Публиковать этот поток сознания в полном объеме было безумием. Диск “Морская” еще не вышел, по ТВ-6 только-только пошел “Кот кота” (который радиостанции панически боялись ставить в эфир), и “Троллей” в России знали еще хуже, чем Kula Shaker. А Kula Shaker не знал никто – их кассеты в культовом ларьке на “Соколе” не продавались и вовсе.
Но все было не так уж безнадежно. Главное – точно манипулировать желанием редакции модного журнала быть модным. Под мою энергичную жестикуляцию сотрудники “Harper’s Bazaar” начали врубаться в актуальность текста про Kula Shaker. А затем – и про “Мумий Тролль”. Мне нравилось завоевывать города оптом.
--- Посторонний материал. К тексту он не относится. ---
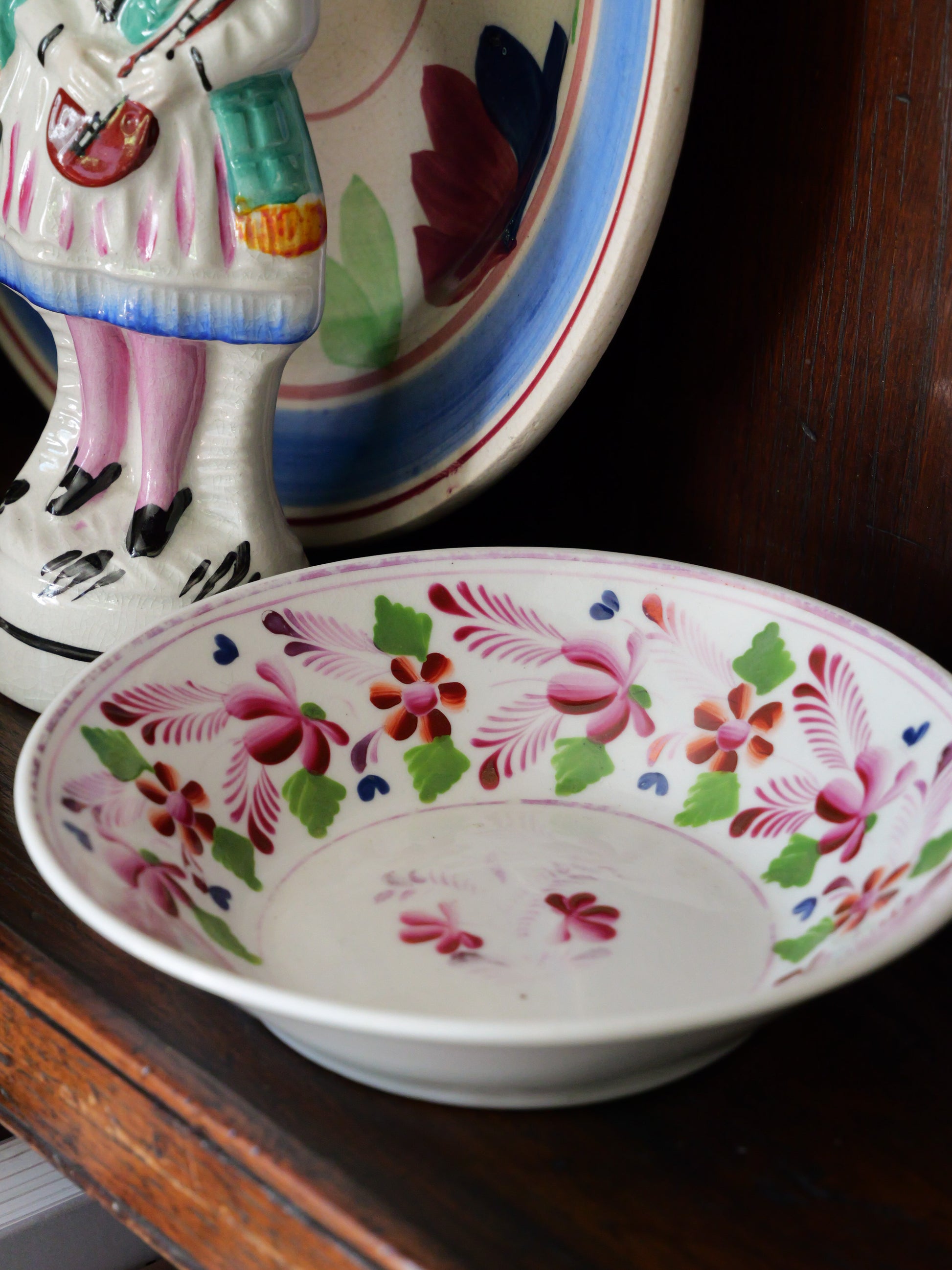 Very pretty little hand painted antique saucer in pinks and greens. Pink lustre detail to edge.
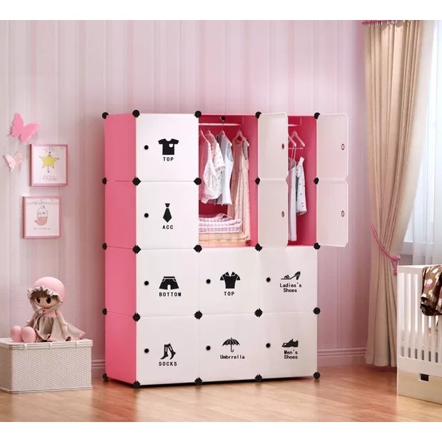 Cửa tủ trắng có icon, thân tủ có thể chọn: hồng, xanh dương, vàng, đỏ, tím
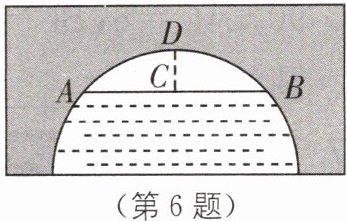 6. 提分优练 如图,一座石桥的主桥拱是圆弧形,某时刻测得水面$AB$宽度为6米,拱高$CD$(弧的中点到水面的距离)为1米.
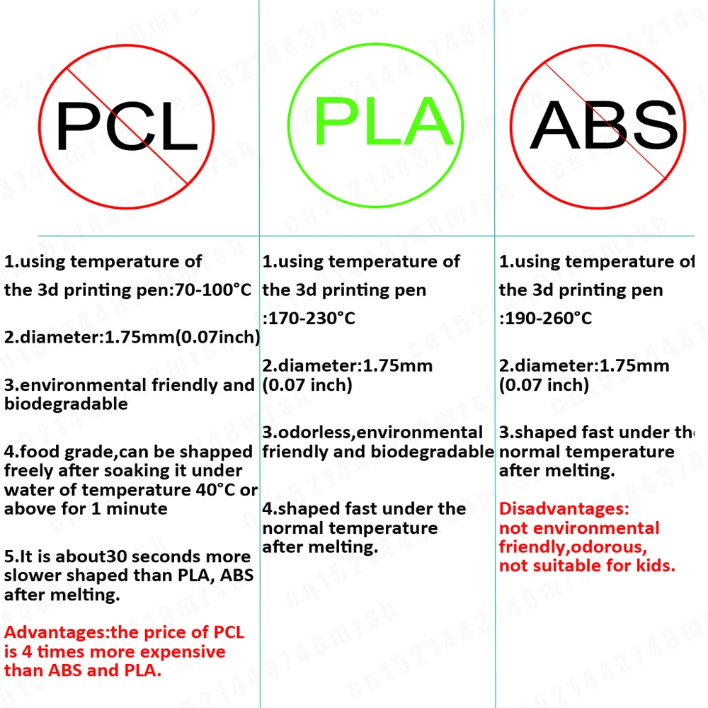 2, пожалуйста, проверьте детали для каждого выбора, когда вы размещаете заказ, Любая путаница перед заказом, пожалуйста, свяжитесь с нами в заказе.3, пожалуйста, убедитесь, что ваша 3D ручка имеет PLA режим и подходит для pla1.75 мм нити перед заказом!
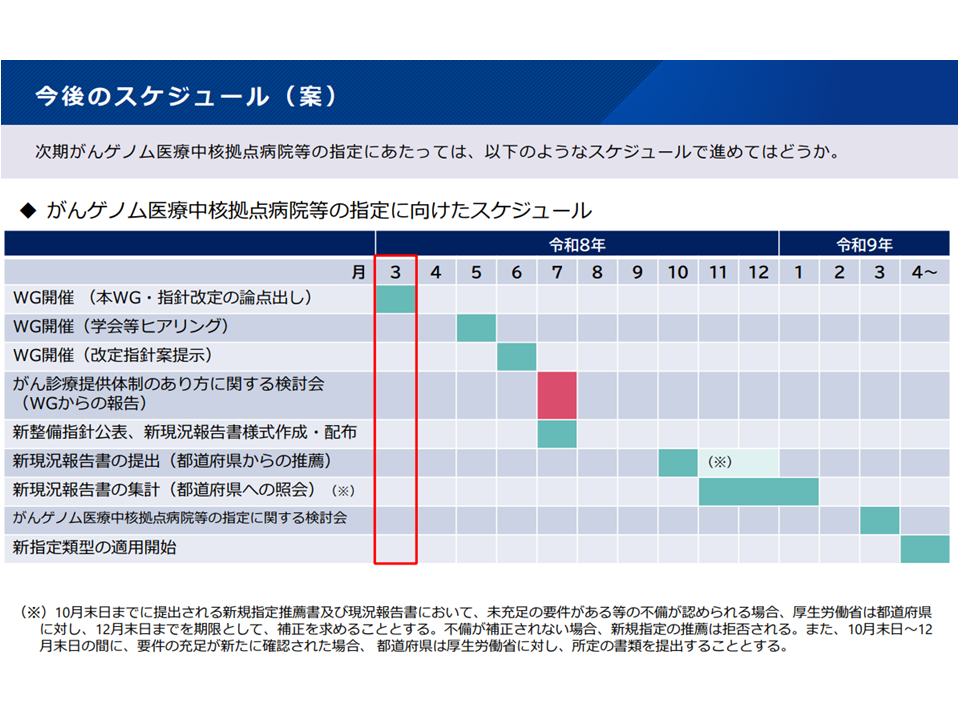 がんゲノム医療中核拠点病院・拠点病院・連携病院の見直しスケジュール(がんゲノム拠点病院指定要件WG6 260313)
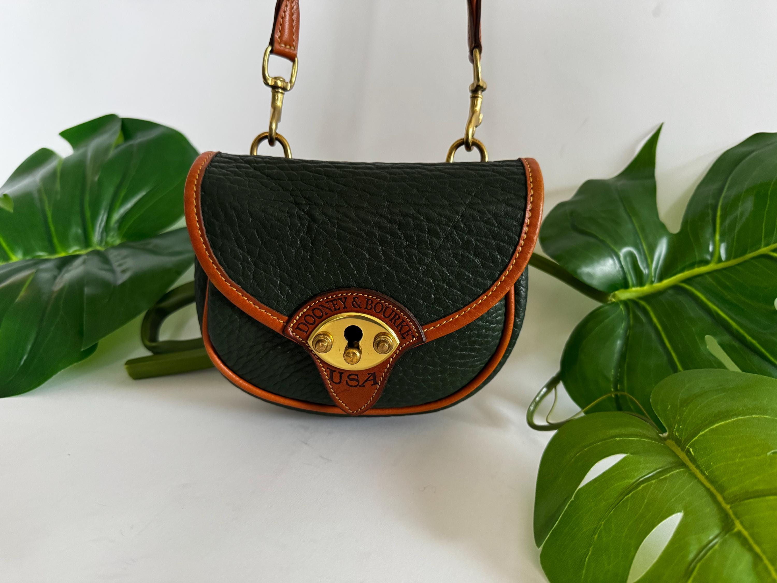 Emerald Green Dooney and Bourke mini crossbody OR waist bag, all-weather leather small Dooney & Bourke bag, Made in USA
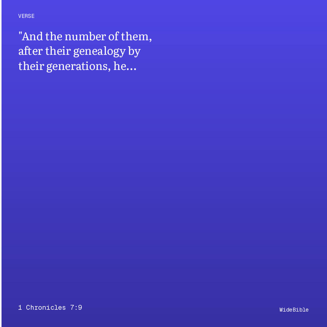 This verse from 1 Chronicles Chapter 7 connects to 0 cross-references. Genealogies of six tribes are recorded: Issachar, Benjamin (briefly), Naphtali, Manasseh (western), Ephraim, and Asher. The genealogy of Ephraim contains a narrative about Ephraim's sons killed in a raid on Gath and the birth of Joshua's ancestor. These genealogies focus …

Единственный вопрос, который возник у опытного литературного редактора, был прост, как фанера: “Но ведь этот, как его, Лагутенко, никому не известен?! И что ты в нем нашел? Гнусавая сволочь фальшиво воет какие-то наркоманские напевы…”
Обвинение выглядело серьезным. Делать было нечего, и я стал перед редактором на колени: “Он будет известен! Клянусь вам, он будет известен! Через пару месяцев у них выйдет „альбом года“… Мы просто играем на опережение. Другие журналы и пикнуть не успеют, а мы – тут как тут. Поверьте моей интуиции! Мы будем самые первые из глянца, кто оперативно отреагирует на это культурологическое событие. Пока мы с вами тут спорим, серьезные люди уже подписали контракт с „Троллями“ на 49 лет!”
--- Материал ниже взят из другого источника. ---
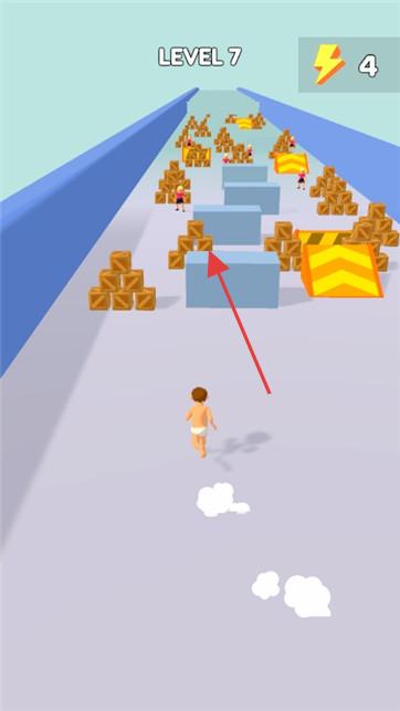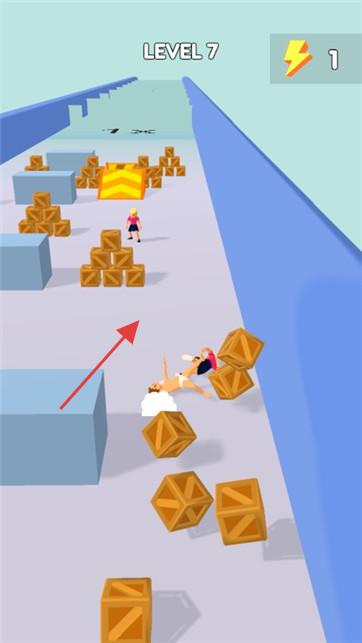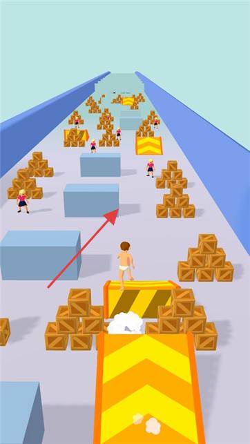 2、赛道上分布着木箱、蓝色方块等障碍物,玩家需灵活操作角色躲避,避免碰撞导致失败。
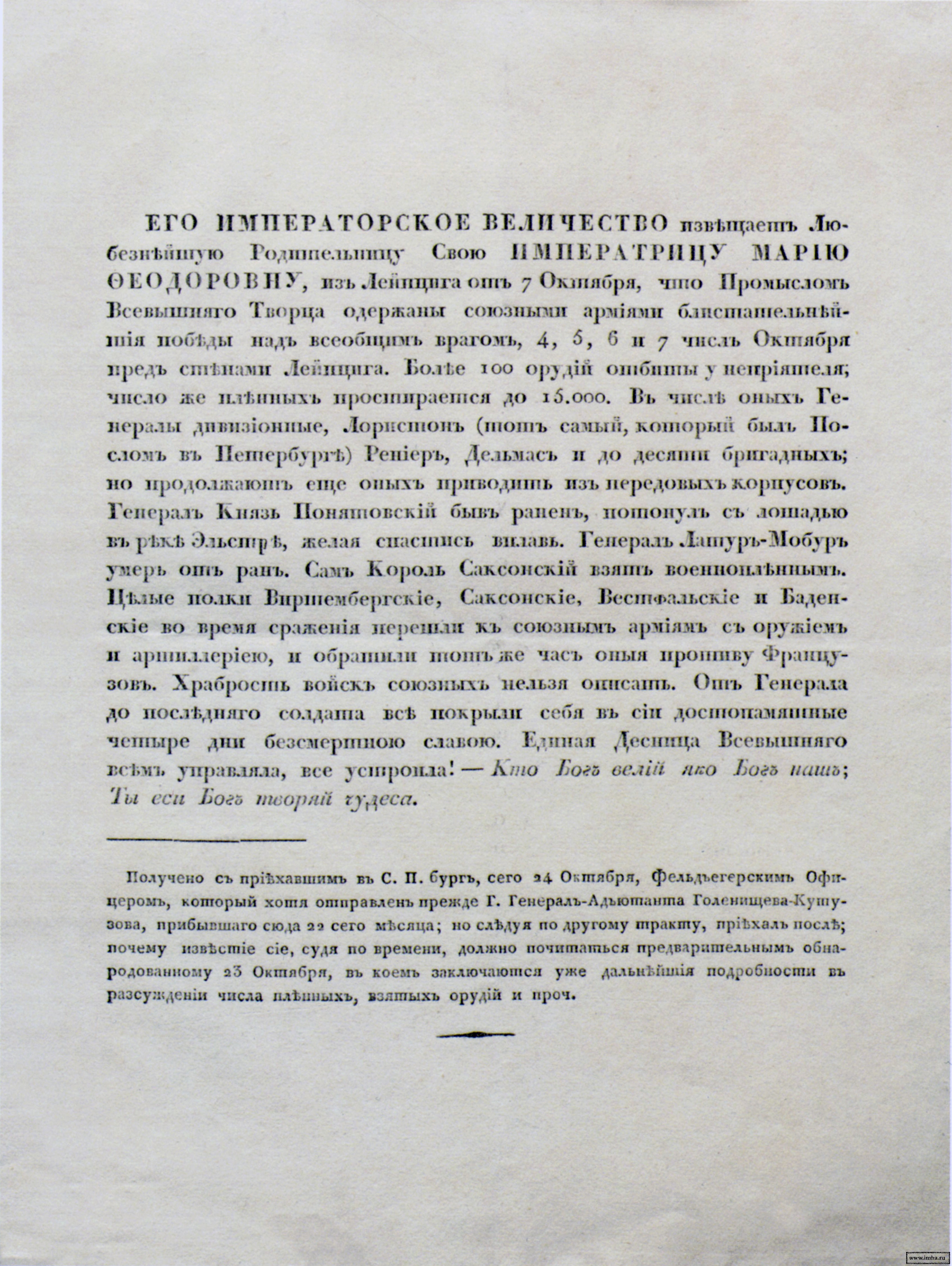 "Битва народов при Лейпциге 7/19 октября 1813 г." - потерпев поражение в Битве Наполеон был вынужден отойти за Рейн, во Францию.

Это была дурная привычка. Когда у меня в споре иссякали аргументы, я вспоминал про “контракты на 49 лет”. Хотя, надо признаться, этот прием работал безотказно. Так впоследствии мне удавалось поставить в разные солидные издания тексты про Земфиру, Butch, “Сегодня ночью”, группу “ГДР” и еще с добрый десяток молодых артистов.
“А какой эксклюзив будет у нас в материале про Kula Shaker?” – не унимался редактор. “О, никаких проблем, – бойко отрапортовал я. – У меня в Лондоне есть знакомый. Он нам все устроит”.
Знакомого звали Илья Лагутенко. Мы были еще не настолько дружны, чтобы я мог клянчить у владивостокской рок-звезды зарисовки про новых британских героев. Выручил Бурлаков, предложивший легкий бартер.
Смысл этой навороченной комбинации заключался в следующем. Илья пишет текст про Kula Shaker, Леня платит ему гонорар. В свою очередь Кушнир пишет небольшой текст про новый диск “Наутилуса Помпилиуса” – чтобы Бурлакову легче было его продавать в своем дальневосточном магазине. В обмен на свой текст я получал текст Лагутенко.
У этой литературной биржи существовала некая предыстория. В тот период Илья сидел в Лондоне почти без денег – консалтинговая фирма из Владивостока, которая его туда командировала, успешно разорилась. В итоге Лагутенко был вынужден подрабатывать случайными переводами и эпизодическими съемками в кино.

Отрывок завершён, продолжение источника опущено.